The Wages of Tax Reform Went to America’s Workers — and that’s why Trump’s Tax Cuts Should be Made Permanent

February 23, 2022

By Linda McMahon

By Linda McMahon in Real Clear Policy

With inflation at its highest rate since 1982, if Democrats really care about our Nation’s “working” class, they will support making the Trump tax cuts permanent. Before the passage of the Tax Cuts and Jobs Act (TCJA), anemic economic growth had become the new normal. Workers were permanently on the sidelines, and American manufacturing was a thing of the past. The message from the Obama White House was, in short: Get used to it. President Obama even said a “magic wand” didn’t exist to fix the economy.

But fortunately for workers across our country, President Trump’s tax cuts were exactly the magic wand our Nation’s economy — and their pocketbooks — needed. To help make a case for the dire need for tax reform, many of us in the Trump Administration traveled across the country to explain the economic benefits American families could expect from the tax cuts. Well, now, over 4 years in, and even with a worldwide pandemic, I’m pleased to report the Trump tax cuts fundamentally changed our economy for the better. And that’s why Congress should enact legislation to make them permanent — 57 percent of Americans support doing so.

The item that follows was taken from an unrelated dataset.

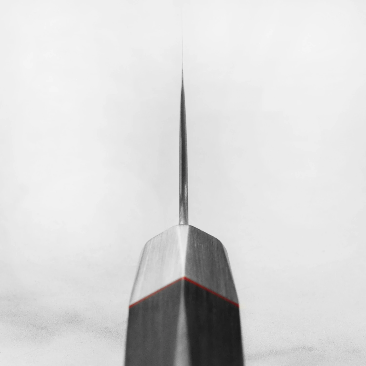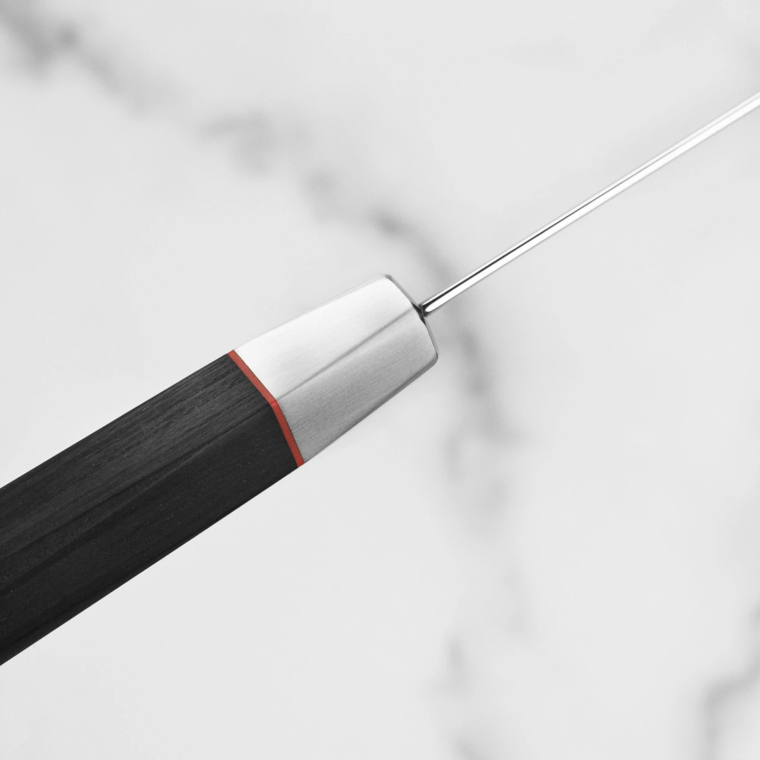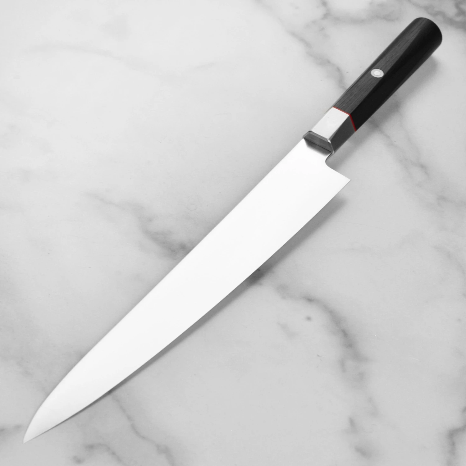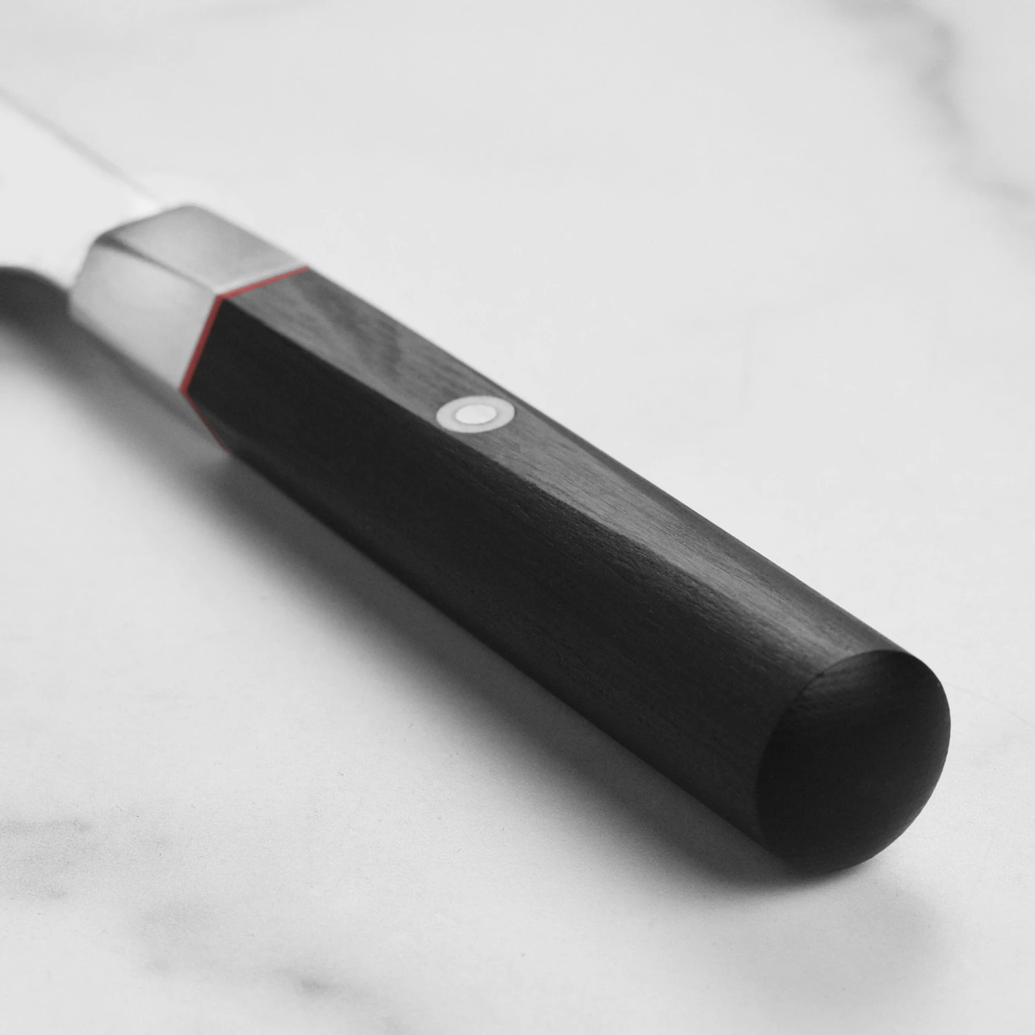 - Black Pakkawood hexagonal handle with red spacer and Japanese mosaic accent pin
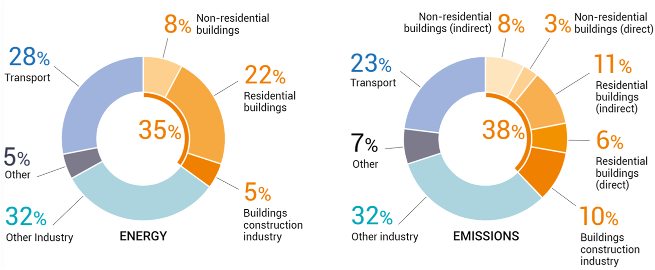 Global share of buildings and construction final energy and emissions, 2019. Figure obtained from (lobalnvironmen, 2020).

As our nation faces the potential dual threat of stagnation and inflation, the Americans hit hardest are those who benefited most due to Trump’s tax cuts. By reducing the corporate tax rate from 35 percent to 21 percent, U.S. businesses and American workers were competitive again. Along with increasing investment in domestic plants and fully expensing equipment, we saw companies invest in workers instead of tax bills. It’s no surprise then that nearly 2 million workers entered or re-entered the workforce in 2018 alone — only 1 year after the tax cuts were enacted. These were the very same workers who had given up hope and left the labor force altogether during the slow recovery of the Obama years.

Instead of the government incentivizing workers to stay home by collecting federal money, workers were incentivized to get off the sidelines with the pro-work child tax credit expansion included in TCJA. This is in direct contrast to the Biden Administration’s recent proposal to strip any work requirements for this tax credit. By the end of 2019, a whopping three-quarters of those finding employment were joining the labor force from the sidelines. After years of stagnant wages, real wages increased 10 percent for blue-collar and middle-class workers. 

Families were also able to keep more of their hard-earned money. The Trump tax cuts nearly doubled the standard deduction for individual income taxes, which along with deregulation, led to real median household income increase by $4,400 in 2019 alone. The bottom 10 percent of the wage distribution saw real wages increase by 8.4 percent from December 2017 to the end of 2019. The bottom 50 percent of wage earners also saw real wealth increase by a whopping 28.4 percent during the same timeframe. Juxtapose that with the 7 percent inflation rate crippling American families today. The average working American is now hit with an $855 inflation tax hike in 2021, with low-income families and fixed-income seniors suffering the most.

Despite the pandemic-induced recession, the Trump Administration’s sound and prompt policy responses led to a V-shaped recovery, which the Biden Administration has replaced with storm clouds. In 2021, we saw real wages decline along with business investment. And again, the current White House is trying to convince people that high inflation and economic stagnation are just the new normal. It doesn’t have to be this way, and a good place to start to reverse this tide would be for Congress to make Trump’s tax cuts permanent. 

If the Democrats really care about American families and workers, they need to put good policy ahead of politics. Right now, that means making Trump’s tax cuts permanent.

Linda McMahon serves as Chair of the Board of America First Policy Institute (AFPI) and is the Chair of AFPI’s Center for the American Worker.